--- GIVEN DATA ---
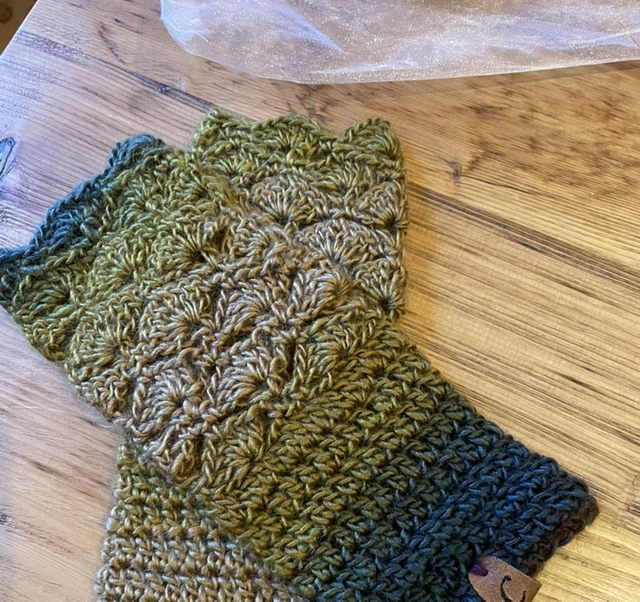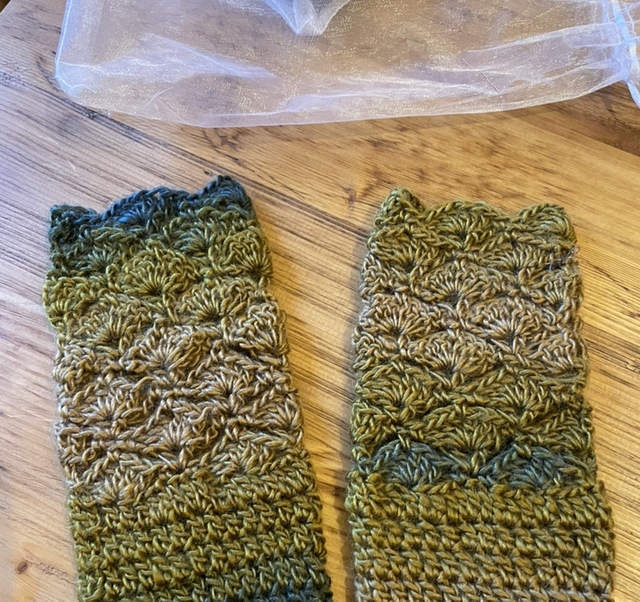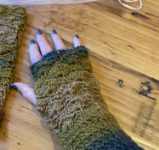 Completely handmade by me right here on the beautiful Isle of Man, these super gloves are made in a soft and silky variegated yarn and are slightly longer- what they used to call bracelet length.
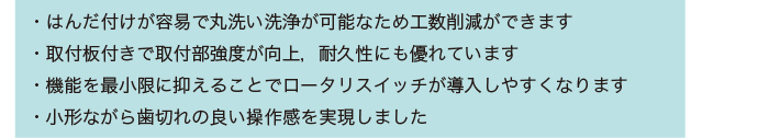 NR01シリーズ ロータリスイッチ 歯切れの良い操作感 正確な操作を求める機器に最適 小形だけど頼もしい 様々なお客様のご要望に応えました。 NR01シリーズの特徴 NR01シリーズの共通仕様 形名体系 操作部 導入メリット 使用イメージ 基板実装形ロータリスイッチ比較表 詳しい仕様や外形図等はこちらでご確認ください。 NR01シリーズ ロータリスイッチ ロータリスイッチ 全シリーズ 発売日 2017年7月3日 こちらの商品についてのお問合せはこちら 新商品一覧に戻る
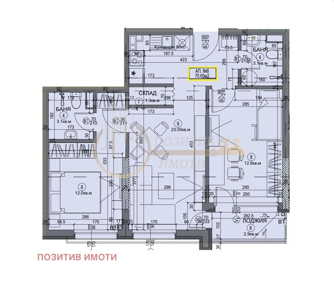 Агенция ПОЗИТИВ ИМОТИ предлага за продажба 3-стаен апартамент със застроена площ 70,65 кв.м. (90,42 кв.м. с общи части) на цена от 198 930 EUR с вкл. ДДС!
---
→ **EXERCISE DETAILS**: Each line above must be repeated exactly in the answer, with pictures omitted.

→ **TASK OUTPUT**:
 Completely handmade by me right here on the beautiful Isle of Man, these super gloves are made in a soft and silky variegated yarn and are slightly longer- what they used to call bracelet length.
 NR01シリーズ ロータリスイッチ 歯切れの良い操作感 正確な操作を求める機器に最適 小形だけど頼もしい 様々なお客様のご要望に応えました。 NR01シリーズの特徴 NR01シリーズの共通仕様 形名体系 操作部 導入メリット 使用イメージ 基板実装形ロータリスイッチ比較表 詳しい仕様や外形図等はこちらでご確認ください。 NR01シリーズ ロータリスイッチ ロータリスイッチ 全シリーズ 発売日 2017年7月3日 こちらの商品についてのお問合せはこちら 新商品一覧に戻る
 Агенция ПОЗИТИВ ИМОТИ предлага за продажба 3-стаен апартамент със застроена площ 70,65 кв.м. (90,42 кв.м. с общи части) на цена от 198 930 EUR с вкл. ДДС!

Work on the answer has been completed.